Race Condition in pg_get_publication_tables with Concurrent DROP TABLE

The Core Problem

pg_get_publication_tables() is a set-returning function (SRF) that backs the pg_publication_tables system view and, critically, is consumed by logical replication tablesync workers to decide which relations to synchronize. It is implemented in the classic value-per-call SRF style: on the first call (SRF_IS_FIRSTCALL) it materializes a List *table_infos of table OIDs into funcctx->user_fctx; on each subsequent call it pulls the next OID out of the list and constructs a row.

The race window is structural:

  1. First call: The list of OIDs is built by walking pg_publication/pg_publication_rel (and, for FOR ALL TABLES, scanning pg_class) without holding locks on the target relations. This is deliberate — taking AccessShareLock on potentially thousands of tables just to report metadata would be prohibitively expensive and would block DDL.
  2. Subsequent calls: For each OID, when no explicit column list is published, the code calls table_open(relid, AccessShareLock) in order to enumerate publishable columns via RelationGetDescr(rel) and emit them as an int2vector in the attrs output column.

If a DROP TABLE commits between step 1 and step 2, table_open() raises ERROR: could not open relation with OID nnnnn. In workloads with churny schemas or FOR ALL TABLES publications, this turns a simple SELECT * FROM pg_publication_tables — and worse, internal tablesync queries — into an unreliable operation.

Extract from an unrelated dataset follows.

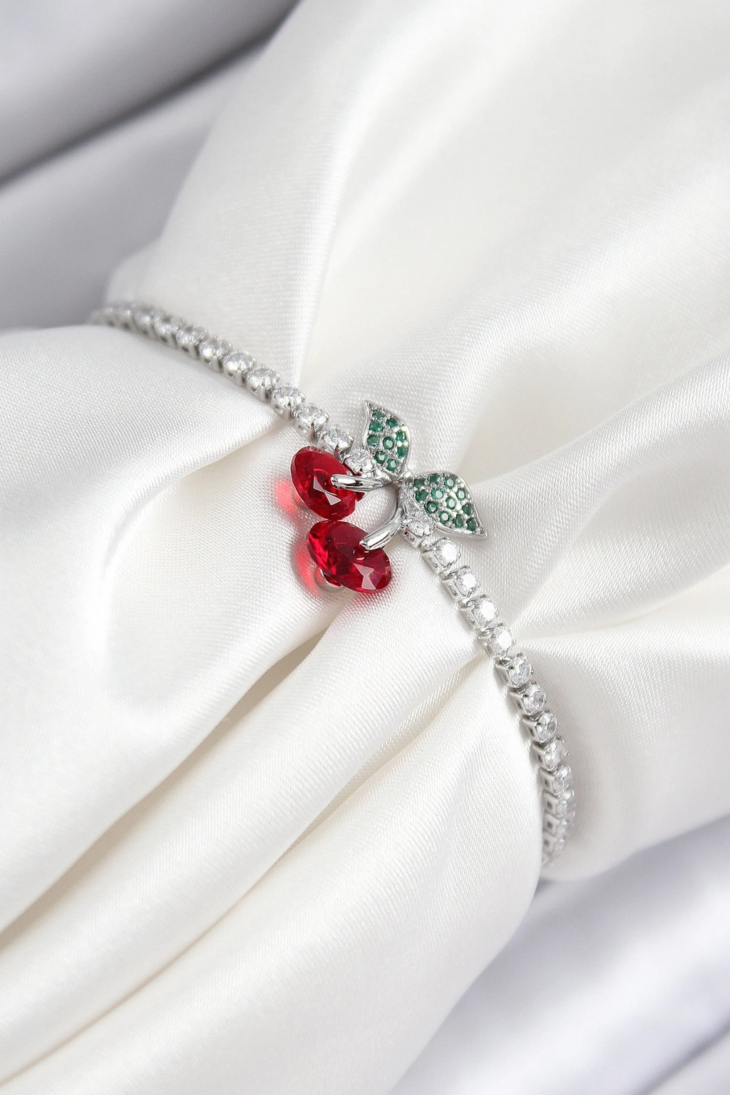 Erb Pirinç Zirkon Taşlı Kiraz Model Gümüş Renk Asansörlü Kadın Bileklik

Bharath's archaeology pinpointed the regression to commit b7ae03953690 (PG16, "Ignore dropped and generated columns from the column list"), which introduced the table_open() in this path. PG15 and earlier used only get_rel_namespace() and syscache lookups, both of which tolerate missing relations by returning InvalidOid/false. Hence the fix is PG16+ only.

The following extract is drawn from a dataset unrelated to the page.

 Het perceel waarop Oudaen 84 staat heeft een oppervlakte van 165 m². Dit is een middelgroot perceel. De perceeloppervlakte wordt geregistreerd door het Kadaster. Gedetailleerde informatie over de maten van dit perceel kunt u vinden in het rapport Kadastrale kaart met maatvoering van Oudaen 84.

Design Decisions and Tradeoffs

Decision 1: Skip vs. error

All reviewers quickly converged that the correct semantics are skip silently. The function returns a point-in-time snapshot; tables created after the first call are already not reported, so symmetrically not reporting tables dropped after the first call is consistent. Callers (including the view definition itself) already JOIN pg_class and thus naturally filter stale OIDs. This is the standard MVCC-ish "best effort enumeration" contract shared by many catalog-reporting SRFs.

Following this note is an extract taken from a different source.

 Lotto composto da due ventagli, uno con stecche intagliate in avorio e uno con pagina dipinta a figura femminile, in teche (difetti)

Decision 2: How to skip an SRF row cleanly

The v1 patch manually did funcctx->call_cntr++; continue; to advance the SRF without emitting a tuple. Shveta flagged this as an API abuse — SRF internals should only be mutated through SRF_* macros, and the only precedent in the tree (hstore_svals) literally has a comment "ugly ugly ugly. why no macro for this?".

Bertrand proposed the accepted alternative: store both the List and a private curr_idx inside a small state struct attached to funcctx->user_fctx (mirroring pg_timezone_abbrevs_zone()). This decouples "which row to emit next" from the SRF machinery's call_cntr, so continue in a skip path is trivially correct. Bertrand further refined this by suggesting the curr_idx++ be placed immediately after list_nth(), before any skip checks, so future skip conditions cannot accidentally create an infinite loop.

Bharath considered and rejected converting the function to a materialized SRF (InitMaterializedSRF + tuplestore_putvalues). That would eliminate the per-call state problem entirely but balloons the diff, and — importantly for backpatching — the materialization helper APIs differ across PG14/15/16+, complicating back-branch patches.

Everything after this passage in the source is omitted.